Information supplied below:

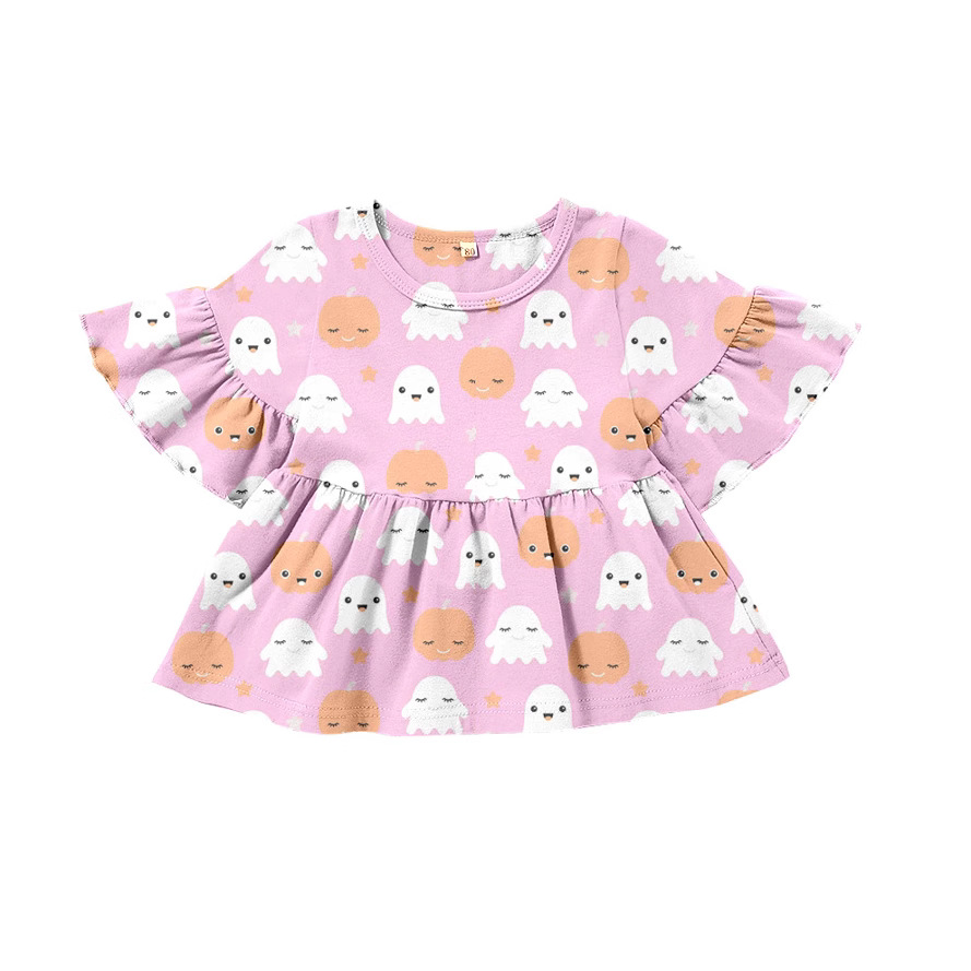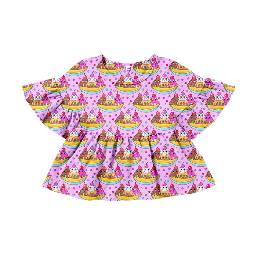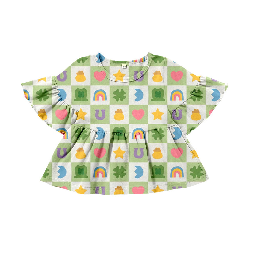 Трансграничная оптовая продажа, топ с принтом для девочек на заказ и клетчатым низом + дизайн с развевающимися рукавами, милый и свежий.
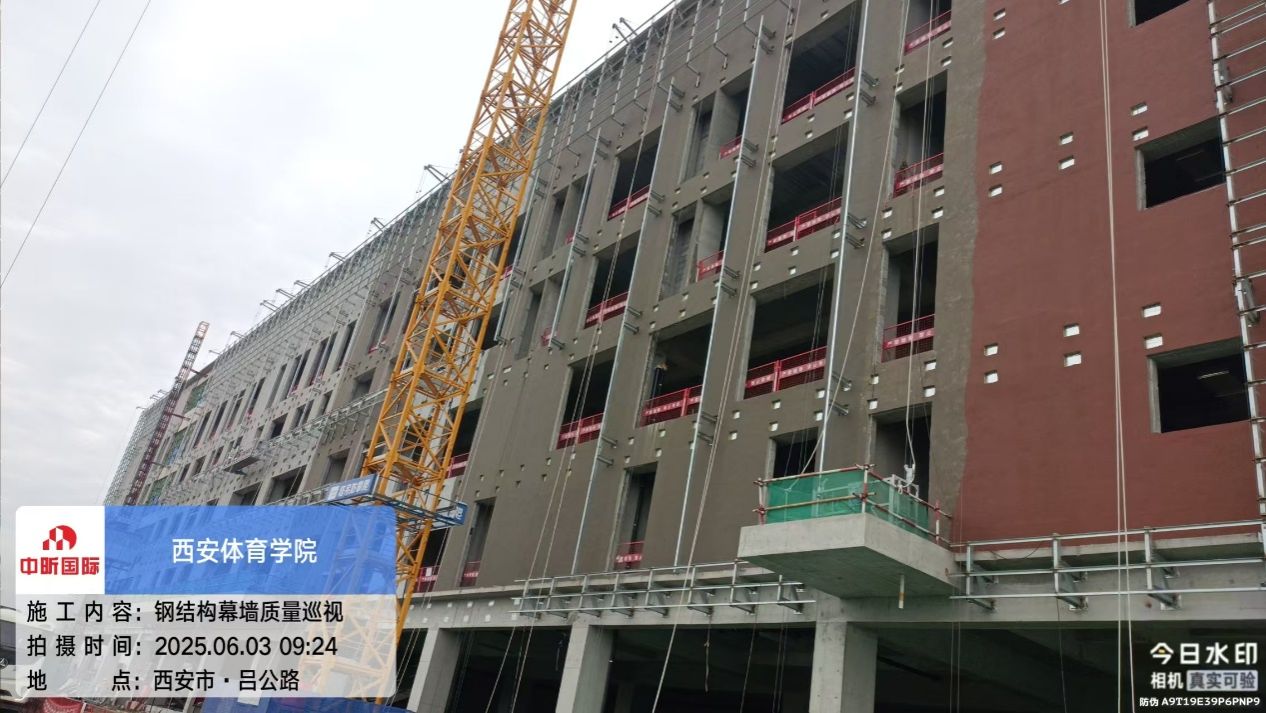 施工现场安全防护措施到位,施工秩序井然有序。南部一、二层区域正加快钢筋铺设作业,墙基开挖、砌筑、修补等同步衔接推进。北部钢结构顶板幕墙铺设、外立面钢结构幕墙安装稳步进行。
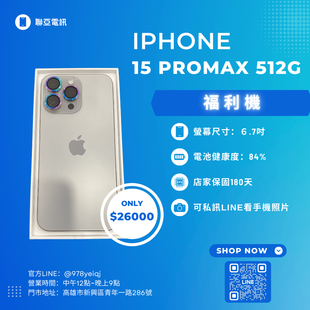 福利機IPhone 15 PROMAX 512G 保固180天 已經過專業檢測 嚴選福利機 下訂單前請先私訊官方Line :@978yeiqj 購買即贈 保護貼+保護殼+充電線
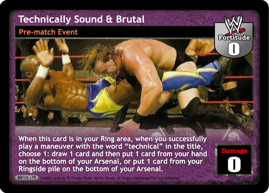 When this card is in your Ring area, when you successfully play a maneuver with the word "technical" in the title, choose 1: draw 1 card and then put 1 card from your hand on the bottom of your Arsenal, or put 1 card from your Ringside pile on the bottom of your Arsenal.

End of Information supplied.

Output the listing above in full, exactly. No images.

 Трансграничная оптовая продажа, топ с принтом для девочек на заказ и клетчатым низом + дизайн с развевающимися рукавами, милый и свежий.
 施工现场安全防护措施到位,施工秩序井然有序。南部一、二层区域正加快钢筋铺设作业,墙基开挖、砌筑、修补等同步衔接推进。北部钢结构顶板幕墙铺设、外立面钢结构幕墙安装稳步进行。
 福利機IPhone 15 PROMAX 512G 保固180天 已經過專業檢測 嚴選福利機 下訂單前請先私訊官方Line :@978yeiqj 購買即贈 保護貼+保護殼+充電線
 When this card is in your Ring area, when you successfully play a maneuver with the word "technical" in the title, choose 1: draw 1 card and then put 1 card from your hand on the bottom of your Arsenal, or put 1 card from your Ringside pile on the bottom of your Arsenal.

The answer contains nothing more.